Finding derivatives of functions by using the definition of the derivative can be a lengthy and, for certain functions, a rather challenging process. For example, previously we found that
\[\dfrac{d}{dx}\left(\sqrt{x}\right)=\dfrac{1}{2\sqrt{x}} \nonumber \]
by using a process that involved multiplying an expression by a conjugate prior to evaluating a limit.
The process that we could use to evaluate \(\dfrac{d}{dx}\left(\sqrt[3]{x}\right)\) using the definition, while similar, is more complicated.
In this section, we develop rules for finding derivatives that allow us to bypass this process. We begin with the basics.
The Basic Rules
The functions \(f(x)=c\) and \(g(x)=x^n\) where \(n\) is a positive integer are the building blocks from which all polynomials and rational functions are constructed. To find derivatives of polynomials and rational functions efficiently without resorting to the limit definition of the derivative, we must first develop formulas for differentiating these basic functions.
The Constant Rule
We first apply the limit definition of the derivative to find the derivative of the constant function, \(f(x)=c\). For this function, both \(f(x)=c\) and \(f(x+h)=c\), so we obtain the following result:
\[\begin{align*} f′(x) &=\lim_{h→0} \dfrac{f(x+h)−f(x)}{h} \\[4pt] &=\lim_{h→0}\dfrac{c−c}{h} \\[4pt] &=\lim_{h→0}\dfrac{0}{h} \\[4pt] &=\lim_{h→0}0=0. \end{align*}\]

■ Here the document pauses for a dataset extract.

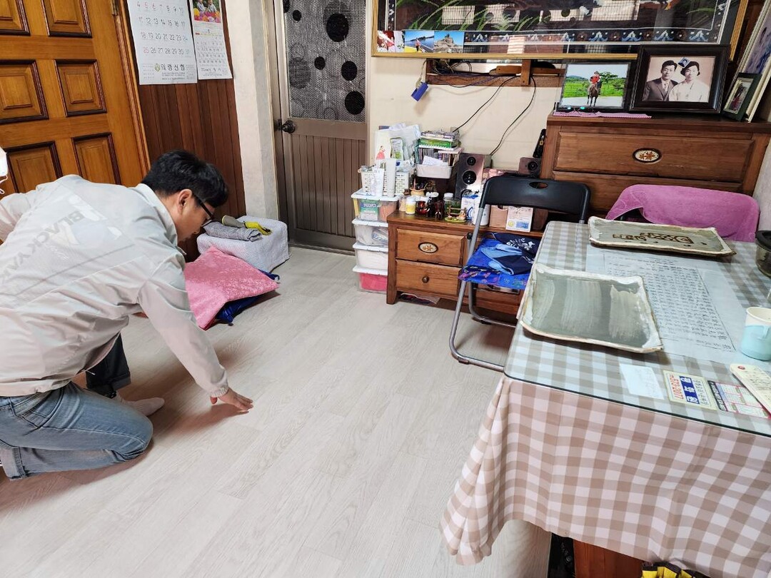 | ▲ 의령군 직원이 보훈대상자 주택을 찾아 바닥 단열 등 주거환경을 살피고 있다. [의령군 제공] |

The rule for differentiating constant functions is called the constant rule. It states that the derivative of a constant function is zero; that is, since a constant function is a horizontal line, the slope, or the rate of change, of a constant function is \(0\). We restate this rule in the following theorem.

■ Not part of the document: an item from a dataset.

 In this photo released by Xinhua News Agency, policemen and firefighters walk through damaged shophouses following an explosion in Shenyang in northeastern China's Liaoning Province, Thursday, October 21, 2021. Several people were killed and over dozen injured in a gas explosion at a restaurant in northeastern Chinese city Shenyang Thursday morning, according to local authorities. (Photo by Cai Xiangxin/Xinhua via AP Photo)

Let \(c\) be a constant. If \(f(x)=c\), then \(f′(x)=0.\)
Alternatively, we may express this rule as
\[\dfrac{d}{dx}(c)=0. \nonumber \]
Find the derivative of \(f(x)=8.\)
Solution
This is just a onestep application of the rule: \(f′(8)=0.\)
Find the derivative of \(g(x)=−3\).
 Hint

Use the preceding example as a guide
 Answer

0
The Power Rule
We have shown that
\[\dfrac{d}{dx}\left(x^2\right)=2x\quad\text{ and }\quad\dfrac{d}{dx}\left(x^{1/2}\right)=\dfrac{1}{2}x^{−1/2}. \nonumber \]

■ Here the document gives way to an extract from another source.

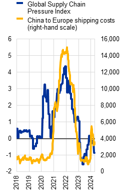 Geopolitical tensions have risen, posing risks to the global growth outlook and the euro area disinflation process. Russia’s war against Ukraine and the conflict in the Middle East are key sources of tail risk. The recent attacks on cargo ships on the Red Sea trade route triggered an abrupt rise in shipping costs between Asia and Europe in December 2023 (Chart 1.2, panel b) and global supply chain pressures have been on the rise since last autumn. The immediate risks to inflation and growth in the euro area from the Red Sea attacks seem limited owing to their minimal impact on oil production costs, current spare capacity in global shipping and subdued global demand. However, the impact on euro area growth and inflation could be substantial if the disruptions were to escalate to the broader region and last longer. The recent intensification of the Iran-Israel conflict has increased the probability of such a tail-risk scenario materialising. The expected reduction in oil production by its main exporters, as well as supply disruptions to oil and gas facilities in Russia and Ukraine, pose further upside risks to oil and gas prices. The rise in geopolitical tensions between major economies in recent years is also leading to weakening global trade links. For example, the share of imports to the United States from China declined from 25% in 2017 to 15% in 2023, and the number of protectionist measures targeting cross-border trade is increasing globally (Chart 1.2, panel c). Continued geopolitical tensions pose the risk of economic and financial fragmentation in the world economy, with potential adverse effects on financial stability in the euro area and globally. These potential effects could include slower productivity growth and higher production costs resulting from less efficient resource allocation, greater macro-financial volatility due to reduced international risk-sharing opportunities, and lower profitability and a higher cost of funding for financial institutions on the back of reduced cross-border capital flows. In this context, the record number of elections due to take place across the world in 2024 are likely to keep the uncertainty around global economic policies elevated.

At this point, you might see a pattern beginning to develop for derivatives of the form \(\dfrac{d}{dx}\left(x^n\right)\). We continue our examination of derivative formulas by differentiating power functions of the form \(f(x)=x^n\) where \(n\) is a positive integer. We develop formulas for derivatives of this type of function in stages, beginning with positive integer powers. Before stating and proving the general rule for derivatives of functions of this form, we take a look at a specific case, \(\dfrac{d}{dx}(x^3)\). As we go through this derivation, pay special attention to the portion of the expression in boldface, as the technique used in this case is essentially the same as the technique used to prove the general case.
Find \(\dfrac{d}{dx}\left(x^3\right)\).
Solution:
\(\displaystyle \dfrac{d}{dx}\left(x^3\right)=\lim_{h→0}\dfrac{(x+h)^3−x^3}{h}\)  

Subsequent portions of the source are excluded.